Ten more datasets have been added to the Datasets blog page. These are:
- 2 plant studies where hybrids are known from experimentation
- 3 more plant studies where natural hybrids are known
- 5 studies (fungi, plants, protozoa, viruses, animals) where recombination is known.
It is worth noting something that has become obvious to me while compiling these datasets — the mathematical model often applied to hybridization networks cannot easily be applied to many of the datasets collected by biologists. The usual mathematical model involves incompatibility between two or more trees for the same set of taxa, for example from different genes or genomes. The incompatibilities are resolved by postulating one or more reticulations in the network.

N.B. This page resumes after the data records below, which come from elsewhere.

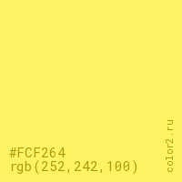 Цвет #FCF264 в цветовой модели RGB обозначается тремя октетами (252, 242, 100) в десятичном формате и #FCF264 в шестнадцатиричном (hex) формате, которые являются интенсивностью красного 252 (hex FC), интенсивность зелёного 242 (hex F2) и интенсивность синего 100 (hex 64).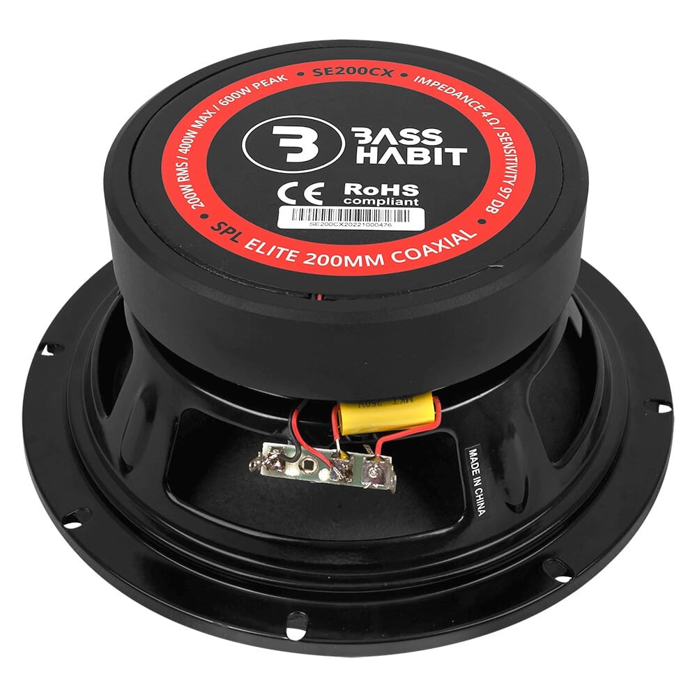 Bass Habit SPL Elite SE200CX er en tøff 8" fulltone med tung lyd og vettig prislapp. Bass Habit har fått frem en skikkelig spilleglad høyttaler som på alle vis gjør seg fortjent til tittelen "SPL Elite". Den gromme kombinasjonen av midbass/mellomtone med kon av upresset papir og M-Roll Cloth oppheng, sammen med en solid 25mm stor titaniumdiskant, så kan vi med sikkerhet si at SE200CX gjør det lett å få til et lydbygg som garantert vil høres.
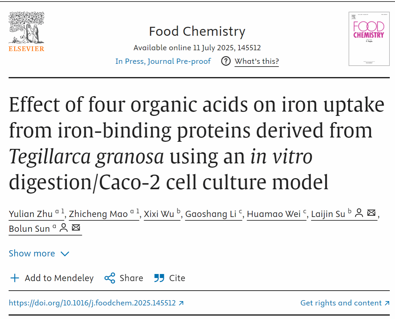 近日,快猫 护理学专业本科二年级两位学生朱育涟和毛志城分别以第一作者和共同第一作者身份在营养学国际顶刊Food Chemistry(中科院一区TOP,IF=9.8)发表论著“Effect of four organic acids on iron uptake from iron-binding proteins derived from Tegillarca granosa using an in vitro digestion/Caco-2 cell culture model”。该论著由快猫 近年来新引进的青年教师孙博伦博士指导。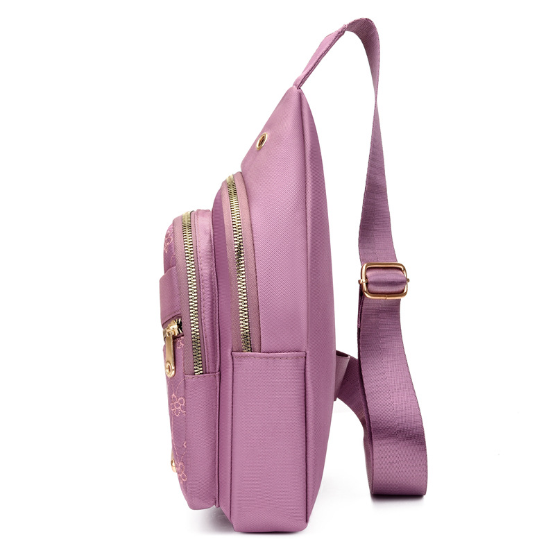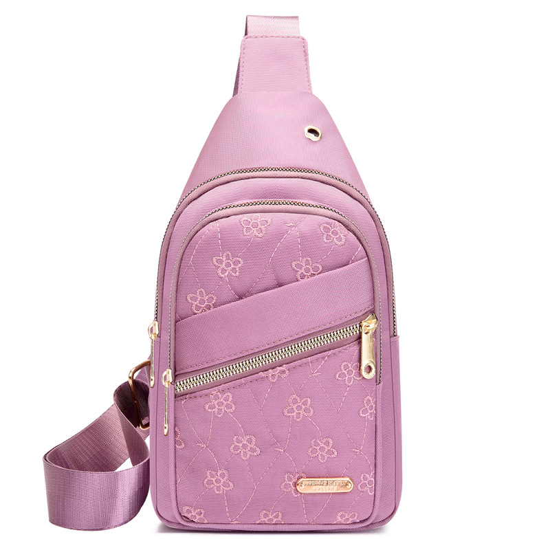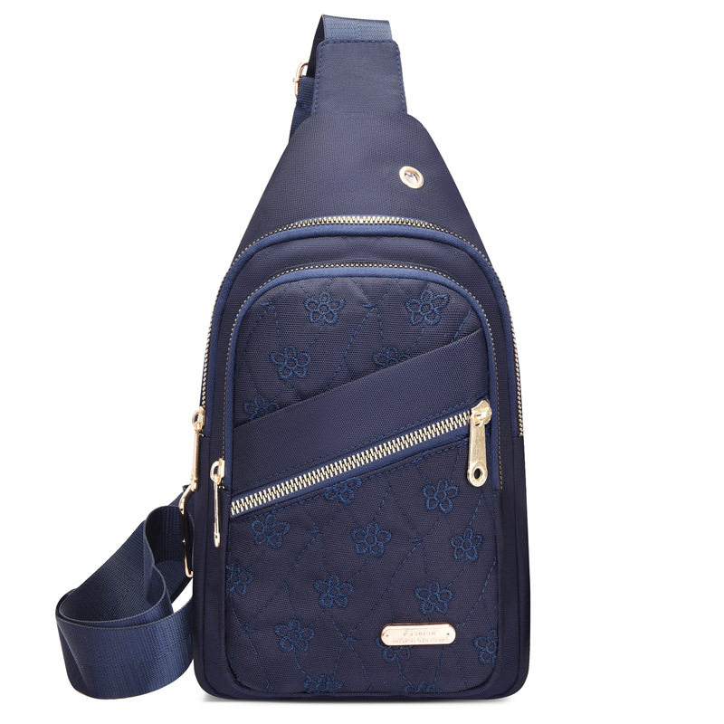 新款女式刺绣尼龙斜挎包时尚百搭绣线格胸包简约日常户外旅行女包

However, the data produced by biologists often involve only a single nuclear gene, most frequently the Internal Transcribed Spacer region, so that the biologists do not have multiple trees. Instead, hybrids are detected by additive polymorphisms at alignment positions within the study gene. These polymorphisms arise either from (i) the polyploid nature of the hybrids (there are multiple copies of each chromosome, each of which may have a gene copy from either parental species), or (ii) from multiple paralogous copies of the genes (the rRNA region, which contains the ITS, usually has many tandemly repeated copies of the genes, which are homogenized by concerted evolution, but in a hybrid any of them may have a gene copy from either parental species).
This means that it is difficult to use any current evolutionary network for the phylogenetic analysis of many of the datasets used for detecting hybridization. In turn, this suggests that we may need a different model, one based on additive polymorphisms rather than incongruent trees.
The usual mathematical model for lateral-transfer networks is actually the same as for hybridization networks, since the only real difference between HGT and hybridization is that HGT does not occur via sexual reproduction while hybridization does. (Also, hybridization often involves whole genomes while HGT usually involves partial genomes.) Importantly, the mathematical model does seem to apply to the sort of datasets collected by biologists when they are studying HGT. That is, HGT is detected by incompatibility between two or more trees for the same set of taxa. Indeed, this model is usually the only evidence for HGT, unlike hybridization and recombination where there is often evidence that is independent of the network model.